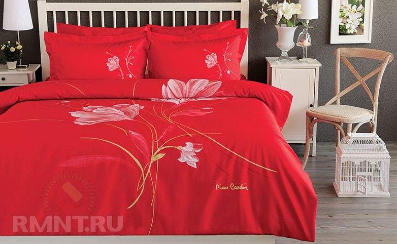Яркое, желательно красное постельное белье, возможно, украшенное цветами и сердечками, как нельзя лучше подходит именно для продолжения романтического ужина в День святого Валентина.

* * *

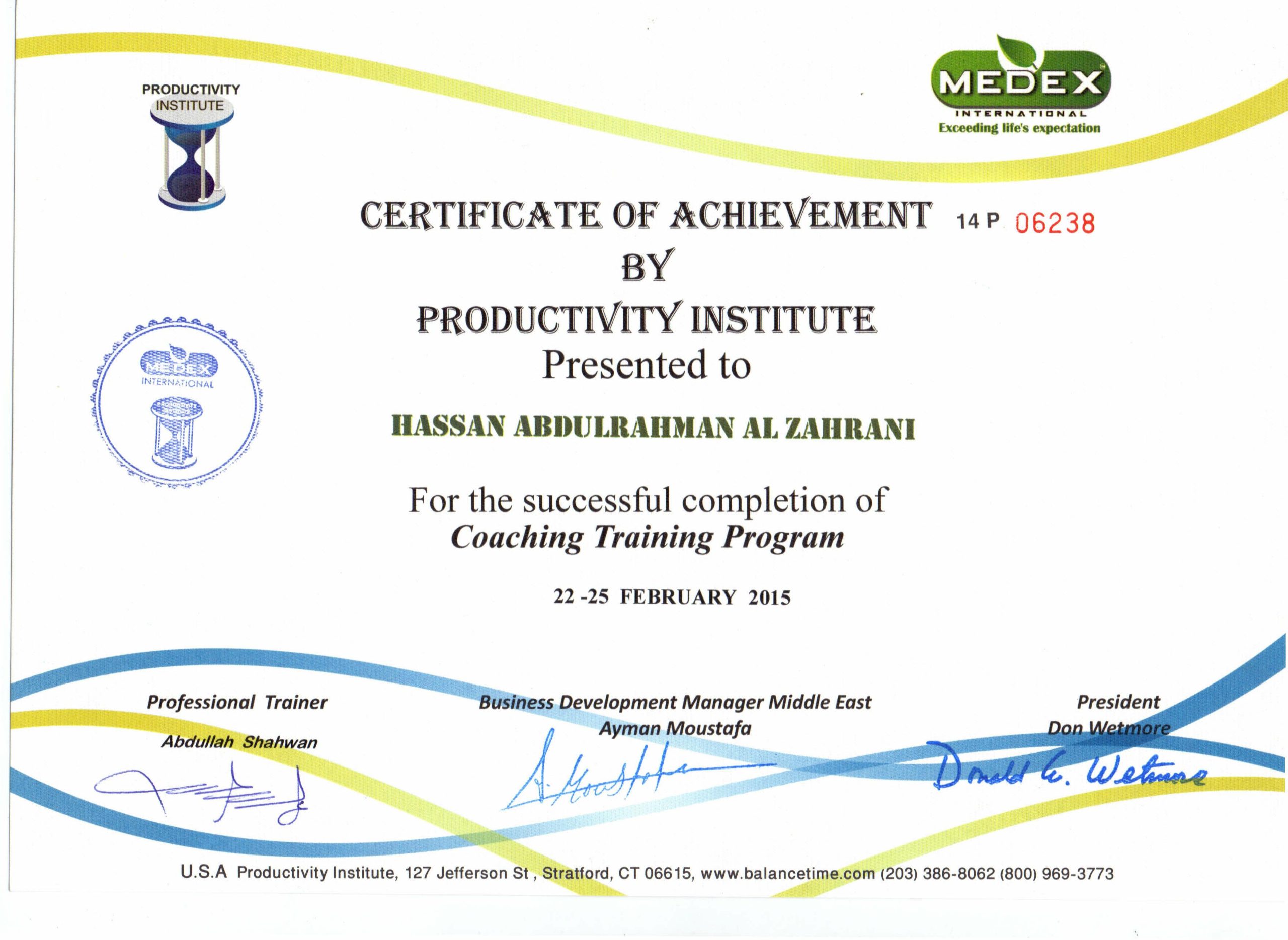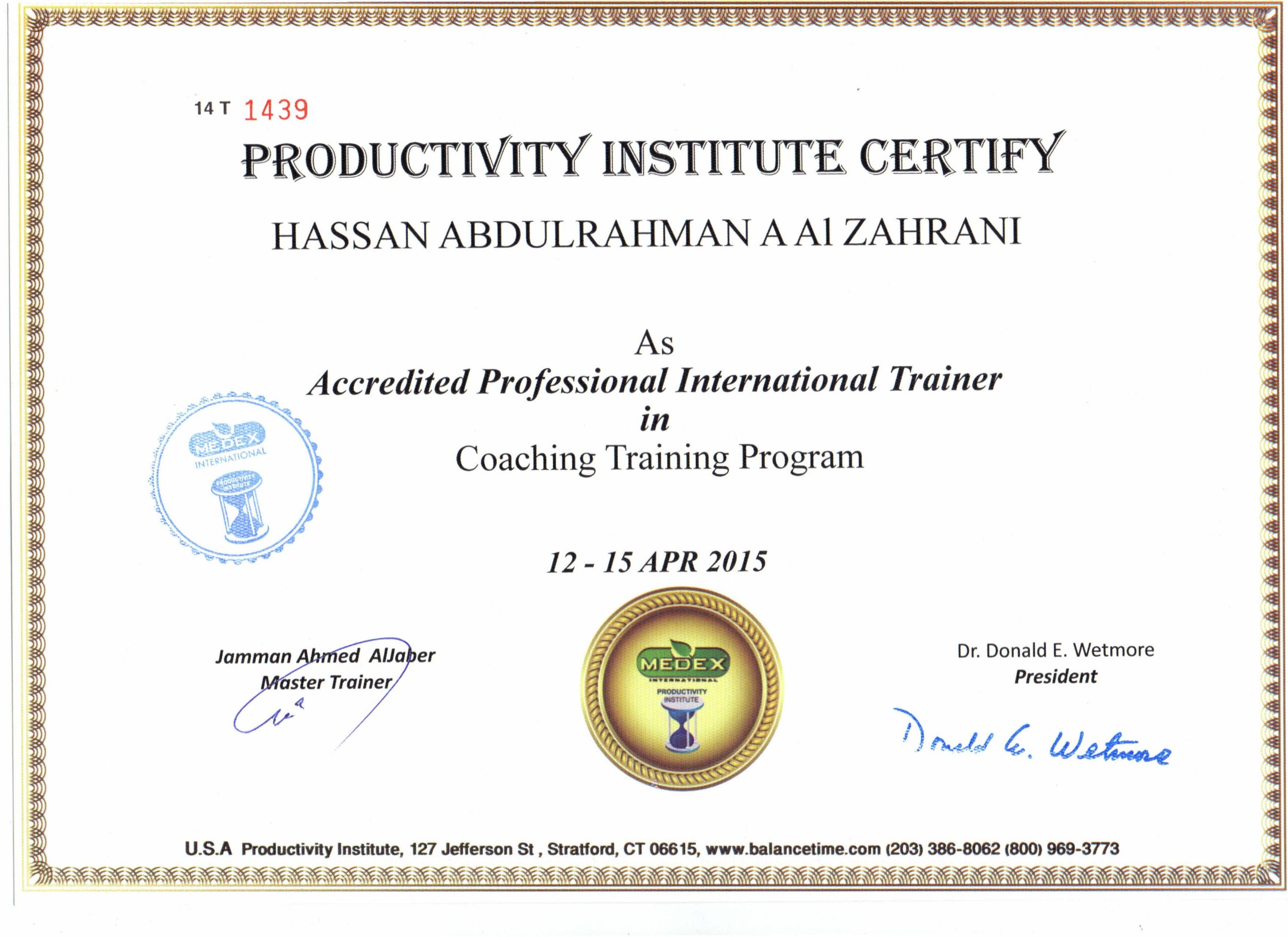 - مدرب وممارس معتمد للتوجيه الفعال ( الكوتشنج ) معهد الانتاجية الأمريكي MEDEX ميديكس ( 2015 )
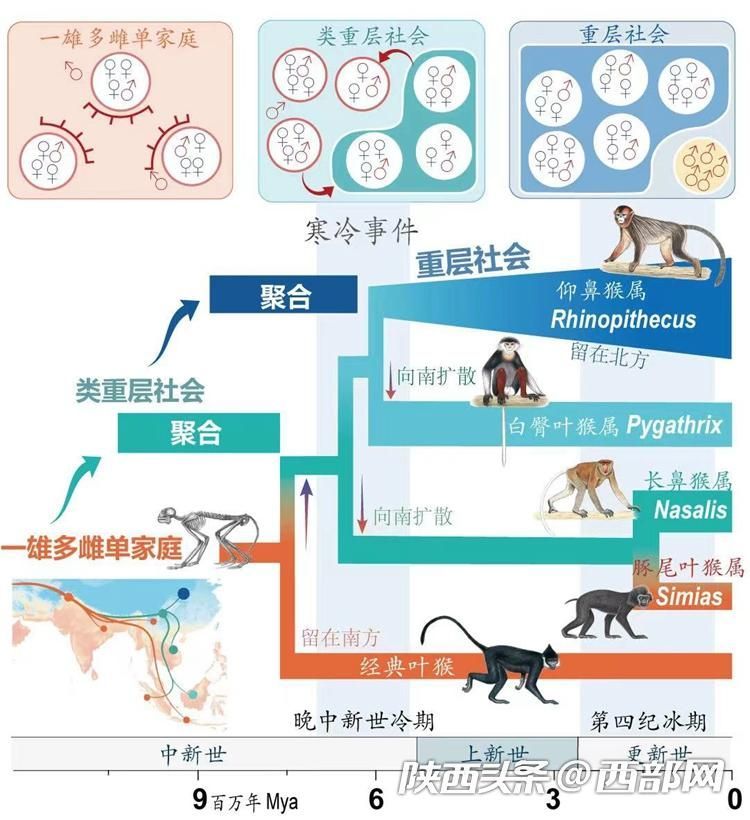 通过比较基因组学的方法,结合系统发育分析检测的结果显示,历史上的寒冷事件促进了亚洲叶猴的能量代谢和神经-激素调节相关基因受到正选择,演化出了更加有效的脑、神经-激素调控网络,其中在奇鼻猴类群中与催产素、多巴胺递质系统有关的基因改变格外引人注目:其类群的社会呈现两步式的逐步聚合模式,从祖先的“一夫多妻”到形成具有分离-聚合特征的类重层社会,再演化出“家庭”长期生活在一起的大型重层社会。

=== EXERCISE DIRECTIONS ===
Print exactly the lines above that run from the one with "- مدرب وممارس" to the one with "通过比较基因组学的方法,结合", both included. No pictures.

=== ANSWER FOR THIS EXERCISE ===
 - مدرب وممارس معتمد للتوجيه الفعال ( الكوتشنج ) معهد الانتاجية الأمريكي MEDEX ميديكس ( 2015 )
 通过比较基因组学的方法,结合系统发育分析检测的结果显示,历史上的寒冷事件促进了亚洲叶猴的能量代谢和神经-激素调节相关基因受到正选择,演化出了更加有效的脑、神经-激素调控网络,其中在奇鼻猴类群中与催产素、多巴胺递质系统有关的基因改变格外引人注目:其类群的社会呈现两步式的逐步聚合模式,从祖先的“一夫多妻”到形成具有分离-聚合特征的类重层社会,再演化出“家庭”长期生活在一起的大型重层社会。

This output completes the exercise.